The application of our method to the ACE data also demonstrates that combining family and unrelated data has an advantage over the method of using family data only. However, the type I error based on the 269 microsatellite markers is slightly high, although it is within the 95% confidence interval for a true 5% value. In general, a large number of markers are necessary to well control the effect of population stratification.

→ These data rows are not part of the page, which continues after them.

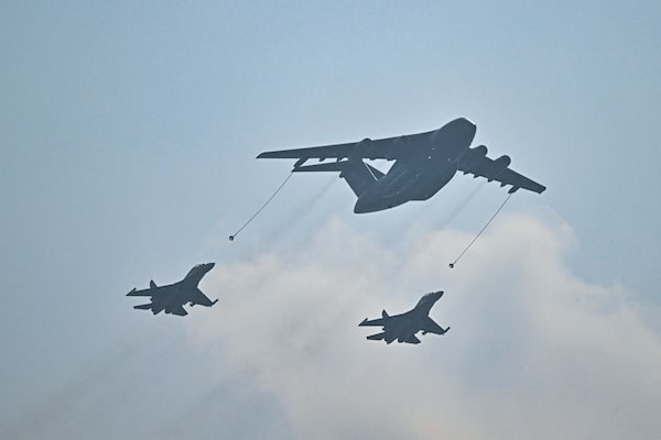 A Xi'an Y-20 Kunpeng aircraft and two jet fighters perform an air refueling maneuver.PEDRO PARDO/AFP/Getty Images
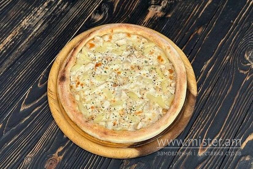Томатний соус, моцарела, куряче філе, ананаси, італійські трави.
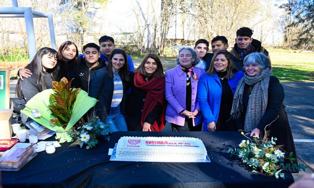 En Villa La Ñata, el intendente de Tigre, Julio Zamora, y la secretaria de Desarrollo Social y Políticas de Inclusión, Gisela Zamora, acompañaron el acto de imposición del nombre “Margarita Graciela Perrone” a la Escuela Secundaria N°30, en reconocimiento a la trayectoria de quien fue docente y directora de la institución, así como una vecina comprometida con la comunidad educativa local.
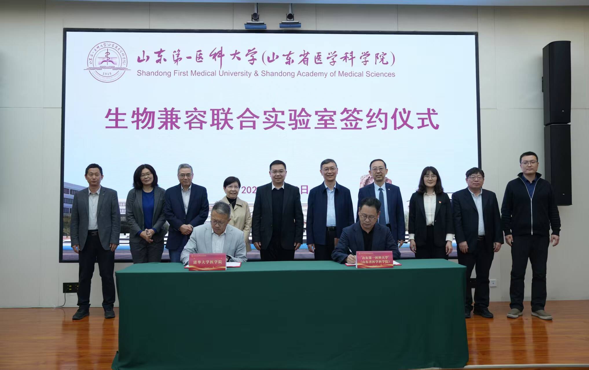 4月10日,山东第一医科大学(山东省医学科学院)与清华大学医学院“生物兼容联合实验室”揭牌仪式在济南校区举行。清华大学医学院常务副院长祁海,校(院)党委委员、第一附属医院(山东省千佛山医院)党委书记孙志坚分别致辞。校(院)党委委员、副校(院)长张占军主持。

Our method can be easily applied to the association analysis of quantitative traits. However, a more powerful way may be based on using a multivariate regression framework in which a quantitative trait is assumed to be multivariate normally distributed. Although our method can be theoretically extended in an obvious manner to the analysis of large pedigrees, there are then many more familial correlations to be estimated and those based on pair types that are infrequent in the data set will not be accurately estimated. One possibility is to assume that all the familial correlations are simple functions of a single parameter, such as heritability.^{44} This idea was later extended to include the estimation of three more parameters (variance components that allow for extra sibling, marital, and/or nuclear family correlations),^{45} and this is implemented in ASSOC, part of the program package S.A.G.E. If the necessary markers are available, our method of using principal components to summarize the genetic data for inferring population structure from unrelated samples to family samples provides a way of making the association analysis implemented in ASSOC robust to stratification with more power than is afforded by the use of a transmitted allele indicator,^{26} which yields a TDT type of analysis. The use of the principal components calculated from marker genotype data has already been established for unrelated samples.^{6,11,12} The principal component analysis assumes that the samples are independent and calculating principal components will result in bias if applied naively to data with lager family sizes. Thus, we propose to calculate the principal components for the children through the eigenvectors calculated from the *independent* samples in the available data. We made the assumption that the axes of the principal components can be well represented by just the independent samples in the data. This is a reasonable assumption when the parental genotype data are available, because the children carry half of both parental genomes. When parental DNA is not available, we can randomly choose one of the siblings for the principal component analysis. This should not be a major impediment, provided that the average proportion from each ancestral population in the sample is not too small,^{46} so that the SNPs from each ancestral population are well represented.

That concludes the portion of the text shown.